Chauffe, Marcel ! est l’imprudente tentation d’essayer de saisir les raisons de ce « trouble » collectif attaché à
l’artiste Marcel Duchamp comme à l’art contemporain (c’est-à-dire l’art né des bouleversements des années 60), dont on
affirme ici les liens fondamentaux. Il a donc semblé indispensable de s’engager dans la réflexion et la compréhension des
enjeux de l’art du présent à partir d’œuvres qui seraient peu ou prou redevables de leur existence à celle de Marcel
Duchamp. Contre l’hypocrite refrain (souvent entonné en France…) qui voudrait que ce dernier soit un génie espiègle et
ses « héritiers » de médiocres créateurs bernés, il a paru que le contact devait enfin être établi entre le Bon Père et ses
enfants très légitimes. Duchamp n’ayant cependant jamais été un professeur ou un donneur de leçon de quelque ordre
que ce soit, cette exposition a pris le parti de ne pas intégrer les artistes, nombreux, qui se sont référés à Duchamp en
« copiant » ses objets (les artistes conceptuels américains de l’appropriation par exemple), mais a préféré prendre le
risque, avec d’autres, d’imiter l’esprit de ce grand penseur qui a marqué si fortement l’art de son siècle.
Les expositions
1- Montpellier : Soigneurs de gravité
- La Panacée : il faudra saisir cette posture fondamentale, ancrée dans une vieille tradition française, qui veut
avant tout voir dans l’art ou la pensée une occasion de contrarier tout ce qui pèse et suggérer au contraire un
temps lui-même « suspendu », dans l’attente de rien.
- Carré Sainte-Anne : La vie merveilleuse de Marcel Duchamp avec des œuvres mettant en relation les moments
de l’existence de Duchamp avec certaines propositions contemporaines.
- Chapelle de la Miséricorde : installation monographique de Simone Decker qui traitera du monument public
comme ready-made et sa duplication « fantomatique »…

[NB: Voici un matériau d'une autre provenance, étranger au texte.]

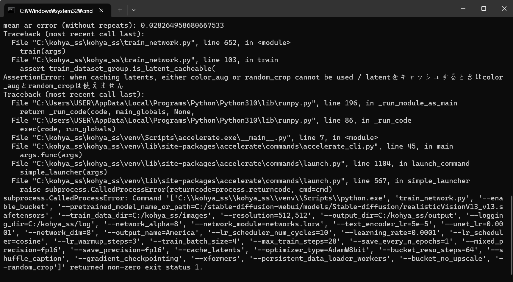 AssertionError: when caching latents, either color_aug or random_crop cannot be used / latentをキャッシュするときはcolor_augとrandom_cropは使えません

2- Montpellier : Des célibataires broient leur chocolat Duchamp eux-mêmes
- Château d’O : installation de Gabriele Di Matteo « L’humanité mise à nu » et autres impertinences
- Ecole supérieure des Beaux-Arts : Gérard Collin-Thiébaut, Filip Francis, Betrand Lavier
- Frac Languedoc-Roussillon : affaire de « décompression », de « désertion »…
3- Montpellier : Grand-père Marcel a rétréci les gosses !
- Iconoscope : exposition Benoit Platéus
- Vasistas : le ready-made sera abordé dans des concrétisations faisant référence à la nature comme
pourvoyeuse d’éléments susceptibles de « faire art ».
- Aperto : exposition Chen Shao Xiong
- Centre national chorégraphique : rencontre entre l’objet d’art et l’univers de la danse
4- Autres Marcel
- Galerie Philippe Pannetier : Marcel Broodthaers
- Musée PAB, Alès : Jean Suquet
- Galerie Esca, Milhaud : l’humour dans l’art
- Chartreuse, Villeneuve lez Avignon : Lilian Bourgeat
5- Vallon du Villaret (48) : Hors du champ !
6- L.A.C. Sigean : Robert Morris
7- Pyrénées-Orientales : A propos de « mona lisa » (la place de l’érotisme)
- Château de Jau
- Musée de Bélesta
Projections cinématographiques organisées en collaboration avec Monokini
Cycle de conférences organisé en collaboration avec le CRAC de Sète
Dates : 18 juin – 29 octobre 2006 (susceptibles de modifications selon les lieux.)